What Are Drain Flies?
Before we get into environmentally friendly drain fly eradication strategies, let’s understand what we’re up against. Drain flies are small insects, about 1-3 mm in size, with a moth-like appearance. They are often mistaken for fruit flies due to their size and flying habits. Drain flies earned their common names because they are typically found in damp, organic-rich environments like drains, sewers, and plumbing fixtures. But in my home, with their cousins the fungus gnat, they like to hang around my indoor plants (potentially due to me over-loving them with water).
What Causes Drain Flies in Our Homes?
Drain flies are attracted to moist, organic matter where they lay their eggs. Here’s what can cause them to infest your home:
- Blocked Drains: A build-up of organic material and debris in drains, particularly in rarely used drains, provides an ideal breeding ground for drain flies.
- Stagnant Water: Any stagnant water source, such as unused toilets, sink overflow drains, or floor drains, can become a haven for drain fly larvae.
- Leaky Pipes: Moisture from leaky pipes creates a suitable environment for drain flies to thrive.
- Rotting Organic Material: Decomposing organic matter in your drains or sewage system serves as a food source for drain fly larvae.
Environmentally Friendly Ways to Get Rid of Drain Flies
Now that you know what drain flies are and what attracts them let’s explore some effective methods to eliminate these pesky insects from your home:
- Boiling Water: Pouring boiling water down the drains can kill larvae and adults living there. Repeat this process several times if necessary.
- Natural Drain Cleaners: Avoid using harsh chemicals that may harm pipes and the environment. Try some natural and effective combos such as pouring baking soda and vinegar down the drain.
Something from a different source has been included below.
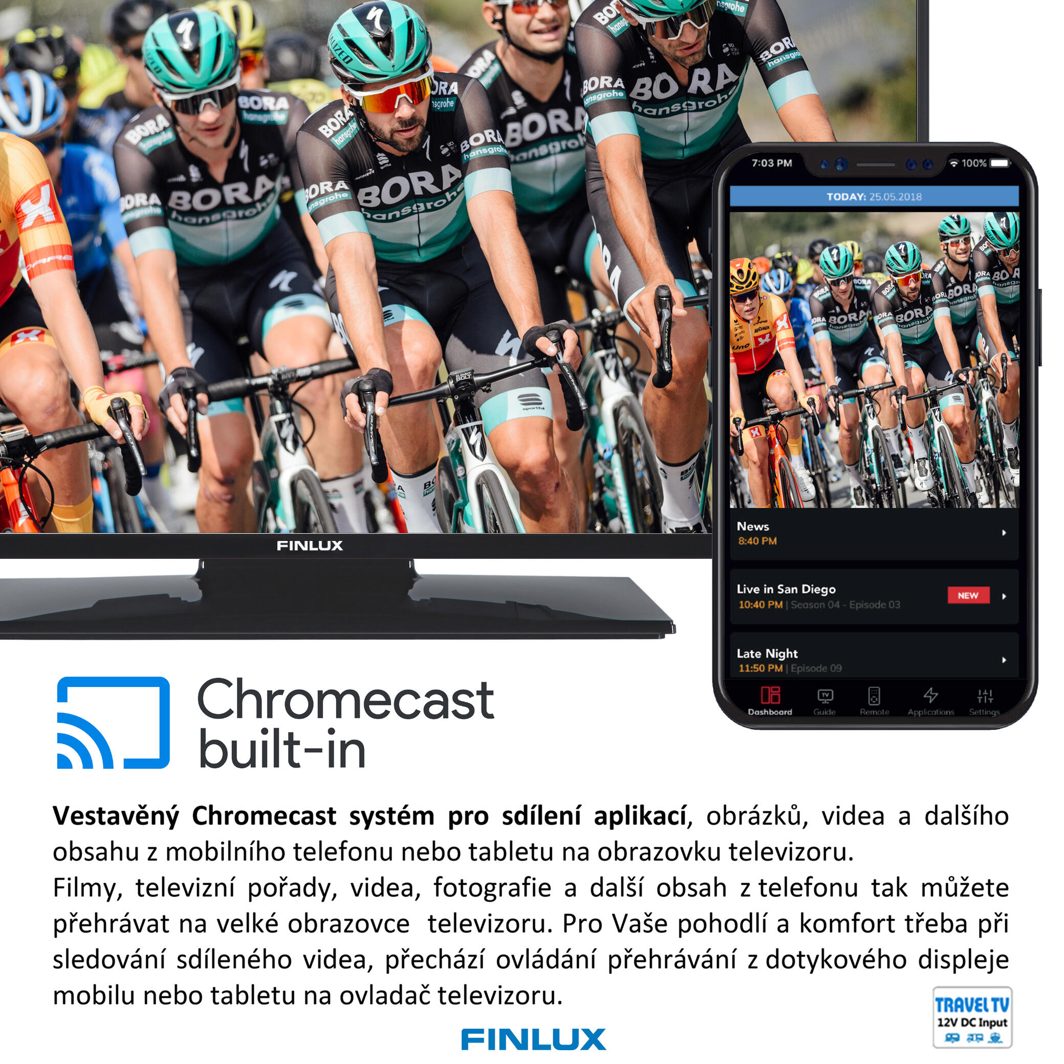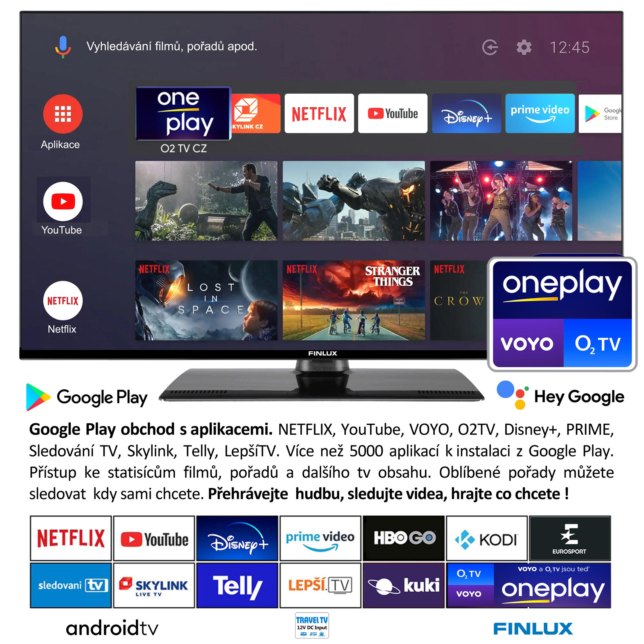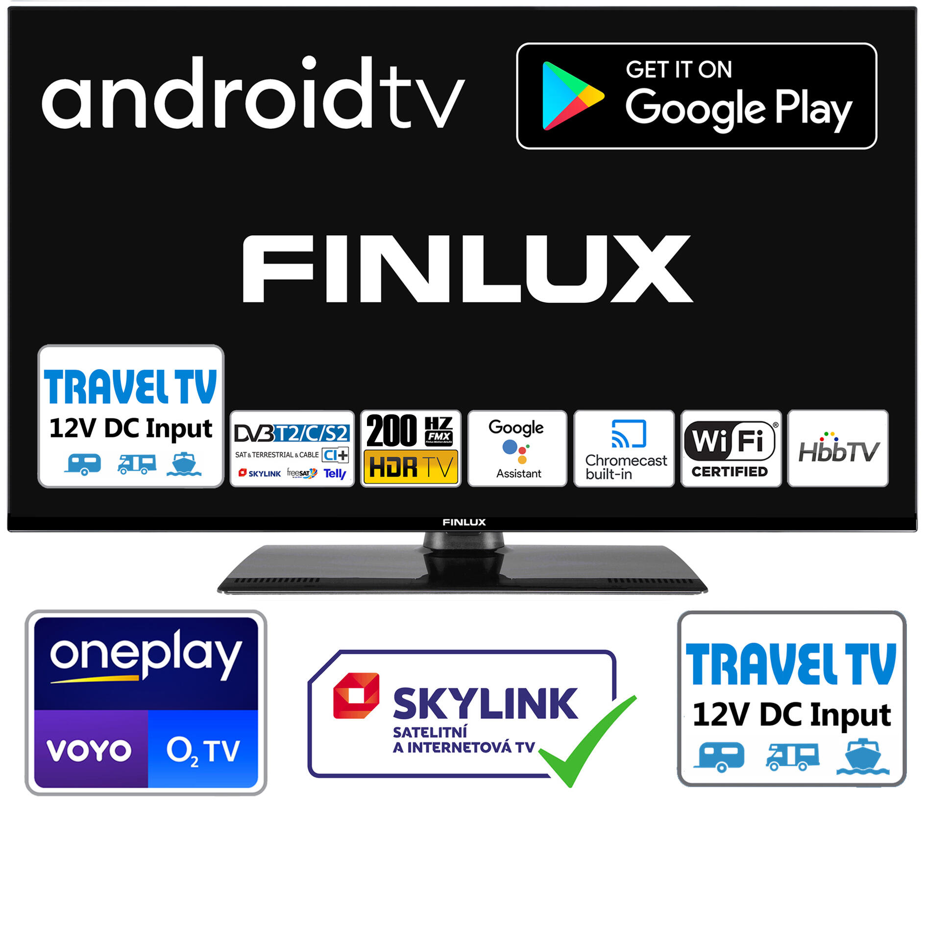 24"(61cm) 12V Travel TV, ANDROID TV11, SAT, DVB T2, HBBTV, SMART, WIFI, USB, SKYLINK LIVE, O2TV
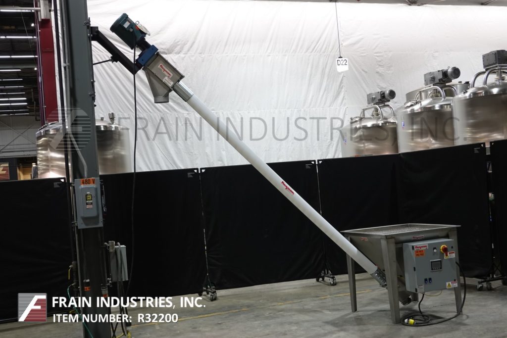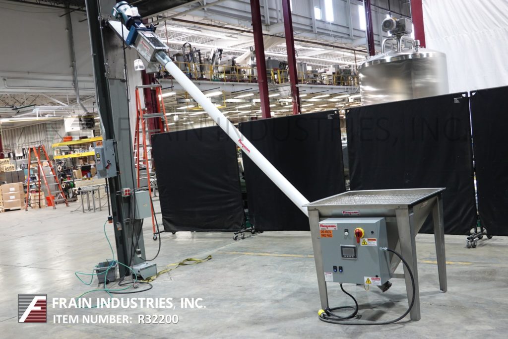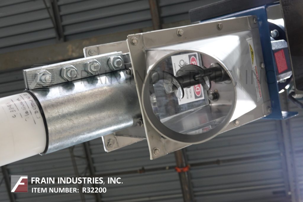 Back to All EquipmentFlexicon, Model 1450, 4" diameter x 120" long screw conveyor. Capable of transferring up to 140 ft³ of product per hour – depending on materials, application, and product density. Equipped with a 36” long x 36” wide x 27” deep product hopper with grated cover and ½ Hp agitator, 3" diameter x 151" long stainless steel product conveying screw, 4" diameter x 120" long flexable poly tube, top 3 Hp motor drive with 6” inside diameter product discharge port.

- Remove Standing Water: Eliminate any stagnant water sources in your home, like in unused toilets or sinks, to deny drain flies breeding sites. In my home, it’s the plant saucer that needed to be removed.
- Repair Leaks: Fix any plumbing leaks promptly to reduce moisture levels in your home, making it less attractive to drain flies.
- Cover Drains: Use drain covers or plugs when sinks and showers are not in use (such as a guest bathroom or shed sink) to prevent drain flies from entering your plumbing.
- DIY Traps: Create DIY traps by placing apple cider vinegar or white vinegar and sugar in a jar with a few drops of dish soap. Cover the jar with plastic wrap and poke small holes in it. Drain flies are attracted to the scent, crawl in, and get trapped.
- Clean Drains Thoroughly: Regularly clean and sanitize your drains using a mixture of hot water and a drain brush or a drain snake to remove built-up organic matter. For really dirty or blocked drains, give us a buzz and we can unblock your drain for you.
- Professional Pest Control Help: If the infestation persists, consider contacting a local pest control professional who can exterminate the bugs for good.
Keep Drain Flies Away for Good
While drain flies can be a nuisance, understanding what attracts them and employing the right strategies can help you get rid of these tiny invaders effectively. By maintaining clean drains, eliminating standing water addressing plumbing issues promptly, (and not overwatering your plants!) you can bid farewell to these unwelcome guests.